In a blog apparently intended to reassure Opel staff, but accessible to the public, he insisted GM had not specified a preferred bidder. But he made clear his own preference for the bid from Belgian financial investor RHJ International, which is loosely related to U.S. private equity fund Ripplewood, over the offer by Canadian-Austrian car parts maker Magna and its Kremlin-backed Russian partner Sberbank.
Smith’s post is entitled “Clearing the Air” and was ostensibly written to clarify GM’s intentions and dispel erroneous reports ascribed to interested parties. But his account shows just how poisonous the atmosphere appears to be between GM and Magna, and GM and the German government, which backs Magna’s bid. It also suggests that the air is not too clear within GM’s top management either.
Specific to the Magna bid, which is clearly preferred by several politicians and the Labor Bench, the bid presented to GM varied from the negotiations we had in the previous weeks and contained elements around intellectual property and our Russian operations that simply could not be implemented…
The bid from RHJI is completed and would represent a much simpler structure and would be easier to implement. It would require less monetary participation by the government and would keep our global alignments solid, while still creating an independent Opel/Vauxhall organization in Germany. This remains a reasonable and viable option to be considered as the very difficult issues around the Magna negotiations continue to be worked.

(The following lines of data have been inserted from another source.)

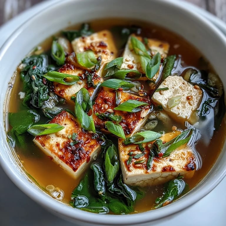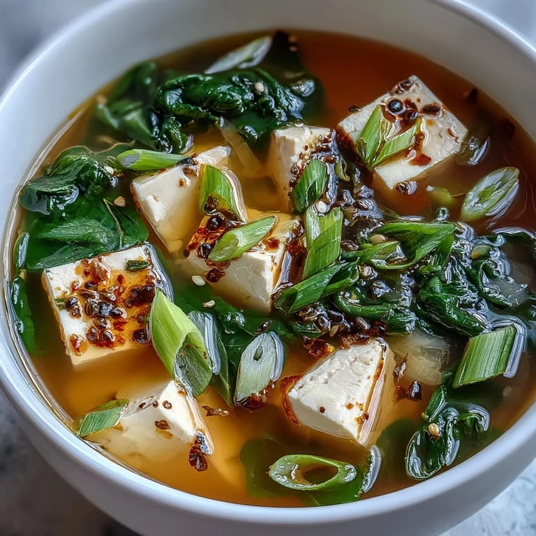Merken There's something almost meditative about watching miso soup come together on a quiet morning. I discovered this version during a particularly hectic week when I needed something that felt both nourishing and uncomplicated, a bowl of warmth that wouldn't demand much from me beyond attention. The silky tofu, the gentle bitterness of spinach, and that umami-rich broth became my anchor, something I'd return to whenever the kitchen felt like the only calm place in my day.
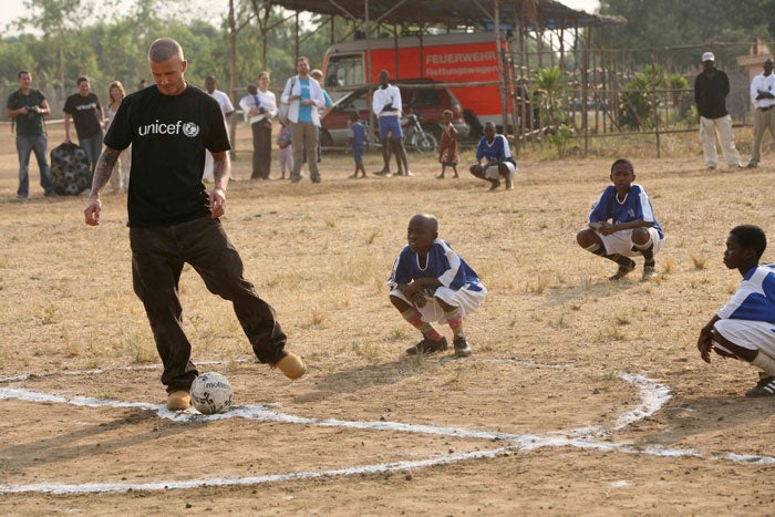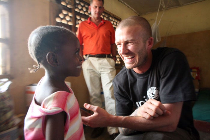 Splendidly, this is not a competition in a tabloid newspaper, but a picture of David Beckham acting in his capacity as a "goodwill ambassador" for the UN children's organisation, Unicef.
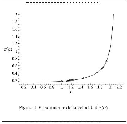 La potencia de la velocidad se ilustra en la gráfica de la figura 4, en donde se señalan los dos extremos representados por α = 1, caso de Cauchy

The following day, (July 29) Smith felt the need to add an update denying that GM was seeking to buy back control of Opel at a later date, or that it had asked the U.S. Treasury for financial assistance to restructure Opel. The former is strange since several sources have said a buy-back option is a key feature of RHJ’s offer and not of Magna’s.

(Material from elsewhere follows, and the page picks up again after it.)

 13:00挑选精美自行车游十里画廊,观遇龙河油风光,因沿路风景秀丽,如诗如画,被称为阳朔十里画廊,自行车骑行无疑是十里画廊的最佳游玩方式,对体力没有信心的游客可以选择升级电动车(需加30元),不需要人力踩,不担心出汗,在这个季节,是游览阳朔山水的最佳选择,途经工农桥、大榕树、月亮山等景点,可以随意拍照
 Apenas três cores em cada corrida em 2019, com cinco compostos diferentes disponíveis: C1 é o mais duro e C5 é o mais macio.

So what is going on here and why did the chief negotiator feel the need to explain himself in semi-public in this way? One can only speculate, but one plausible theory is that GM’s top management is split. This would not be surprising since the U.S. government now holds a controlling stake in the shrunken GM that emerged from bankruptcy, and Washington is probably being lobbied heavily by Berlin to support the Magna bid. A senior aide to Chancellor Angela Merkel discussed Opel with the U.S. Treasury on Wednesday.
If GM were to choose RHJ in defiance of Berlin’s clearly stated wishes, it would spark a crisis with political ramifications just as Germany is entering the final phase of campaigning for a Sept. 27 general election. Might the Obama administration not lean on GM’s top management in Detroit to avoid being branded as a potential job-killer in Germany? If so, Smith’s blog may be a doomed effort to make business arguments prevail over politics.